On December 16, 2014, at approximate 5 pm, Oscar Floyd Hooker took his last breath while sleeping. He was 92 years old. My mother was right where she always had been in the previous 66 years and 4 months; sitting beside him, holding his hand. The hospice nurse had just cleaned him up and changed his bed linens; while rounding the corner of his bed, she looked back at him and noticed a slight change in his coloring. She stepped back to his side with her stethoscope, and determined that he had slipped away quietly. She went out to call my brother, who had gone with his wife to run an errand. He called me. I had been the night shift the previous night, and had been napping for about an hour. Within half an hour, we were all again in that room with my mom and my father’s remains. As my brother would later make note in a beautiful poem, we told stories, remembering things he had said or done - - usually funny things – half expecting him to wake up and correct the errors in our story-telling. Maybe wishing that he would.
I am a Southern girl, and we have special relationships with our daddies - - and make no mistake, he was my daddy! It’s somewhat hard to explain. There are many issues that only my mother could handle, but some were particularly “daddy territory”. Those usually related to my car. Or money. I remember once when I had moved back to Charleston, South Carolina from San Francisco, I had a job interview in South Augusta, SC. Dad just had to get the map out and show me “the best route” to go, even though he had never been there. He had driven from Charleston to Atlanta a few times, and never mind that I had found my way around San Francisco, Los Angeles, Phoenix, Dallas -Fort Worth, Kansas City, Chicago, Syracuse, NY, all over Florida and a few other places on my own, this was THE best way to go! I just listened. Now, of course, I just plug in the address in my GPS and head out!
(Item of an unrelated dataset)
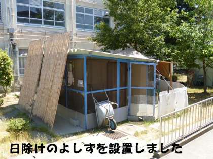 先日,屋外飼育場にテントを張ってやりましたが,西側の小屋の中の日除けのため,「よしず」も設置してやりました。
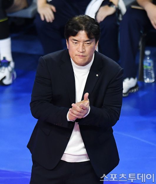 [화성(경기)=스포츠투데이 권광일 기자] 2023-2024 도드람 V-리그 여자부 IBK기업은행-GS칼텍스 경기가 6일 오후 경기도 화성시 화정종합체육관에서 열렸다. GS칼텍스 차상현 감독이 박수를 치고 있다. 2023.12.06. [스포츠투데이 권광일 기자 sports@stoo.com]

Dad had shown me the best way to go in many areas of my life. Sometimes I listened and heeded his words. Sometimes I just listened, remembering his words after I had made a mess of things. Always, I hated to invoke his disappointment, as I did on more than one occasion. He always, ALWAYS forgave me.
There was one time, when I was about 18 months - - and no, I do not remember this first hand - - that we were out in the front yard, and I can only guess that he had been playing with us and stopped to have a conversation with someone who dropped by. People were always dropping by…. Anyway, I marched right up to him with those hard soled little toddler shoes and kicked the heck out of his shin! I am alive to tell the story because he laughed, even as he massaged his leg!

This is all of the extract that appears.